LONDON: British-Pakistani writer Mohsin Hamid has made it to the shortlist of this year’s Man Booker Prize unveiled on Wednesday.

In the fourth year that the 50,000-pound ($66,400) prize has been open to writers of any nationality, the shortlist is made up of two British and three American writers, besides Mr Hamid.

Two first-time female authors feature on the shortlist which comprises three women and three men including best-selling US writer Paul Auster.

Subjects this year range from the struggle of a family trying to retain its self-sufficiency in rural England to a love story between two refugees fleeing civil war.

Mr Hamid is on the list with Exit West in which refugees can use doors to escape to other parts of the world.

Mr Auster’s 4321 offers four versions of a young man’s life while fellow US author Emily Fridlund’s debut novel History of Wolves is a coming-of-age tale of a teenage girl seeking a place to belong.

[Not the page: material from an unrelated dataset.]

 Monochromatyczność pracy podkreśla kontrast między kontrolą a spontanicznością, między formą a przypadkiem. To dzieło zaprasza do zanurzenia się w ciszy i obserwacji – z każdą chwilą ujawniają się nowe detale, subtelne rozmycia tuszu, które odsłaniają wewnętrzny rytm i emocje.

Elmet, the first book by British author Fiona Mozley, tells the story of a father and his two children who clash with landowners after they build a home for themselves.

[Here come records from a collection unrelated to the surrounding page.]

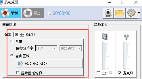 3、录制屏幕: 全屏录制,或者指定区域录制。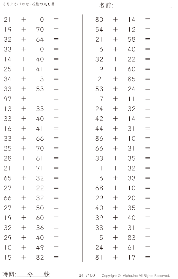 上記のボタンから「くり上がりのない2桁の足し算」の算数数学ドリル・計算ドリル(PDFプリント)がダウンロードできます。個人利用は無料です(家庭以外での配布は有料です)。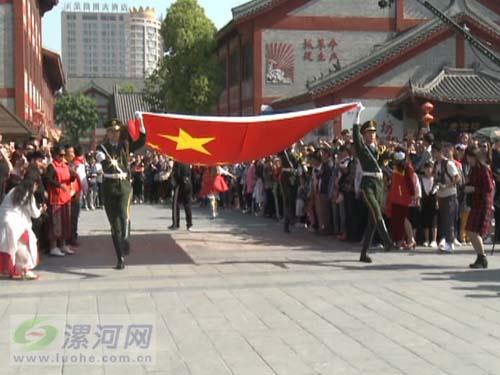 今年的青年集體婚禮,漯河市首次將“愛國文化元素”融入其中,特別邀請了天安門原國旗護衛(wèi)隊、中國第一國旗手高紅浦及戰(zhàn)友現(xiàn)場舉行升旗儀式。上午9點,莊嚴(yán)肅穆的升國旗儀式開始,12對新人和現(xiàn)場的親朋好友在飄揚的國旗下共唱國歌。升旗儀式結(jié)束后,高紅浦和戰(zhàn)友還給每對新人送上了一面鮮艷的五星紅旗作為新婚禮物。
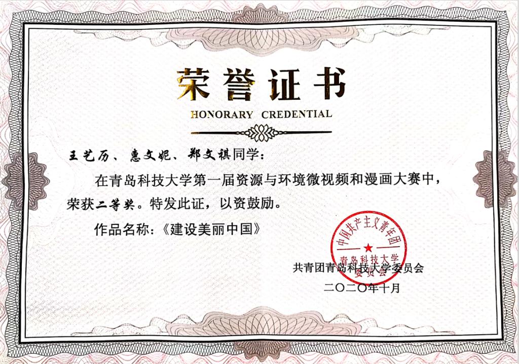 日前,由校团委、谈球吧联合举办的谈球吧网页版登录入口首届资源与环境微视频和漫画大赛获奖名单揭晓,由海洋公司王倩老师指导的微视频作品《建设美丽中国》获二等奖,团队成员由公司王艺历、惠文妮、郑文祺等五位同学组成。

George Saunders’ first novel Lincoln in the Bardo is about Abraham Lincoln and the death of his eleven-year-old son Willie at the dawn of the American Civil War.

Scottish writer Ali Smith is on the shortlist for the fourth time, this year with Autumn, a meditation on a world growing ever more bordered and exclusive.

The judging panel culled books by several big names from the 13-novel longlist announced in July, including Zadie Smith’s Swing Time, Colson Whitehead’s The Underground Railroad and The Ministry of Utmost Happiness by previous Booker winner Arundhati Roy.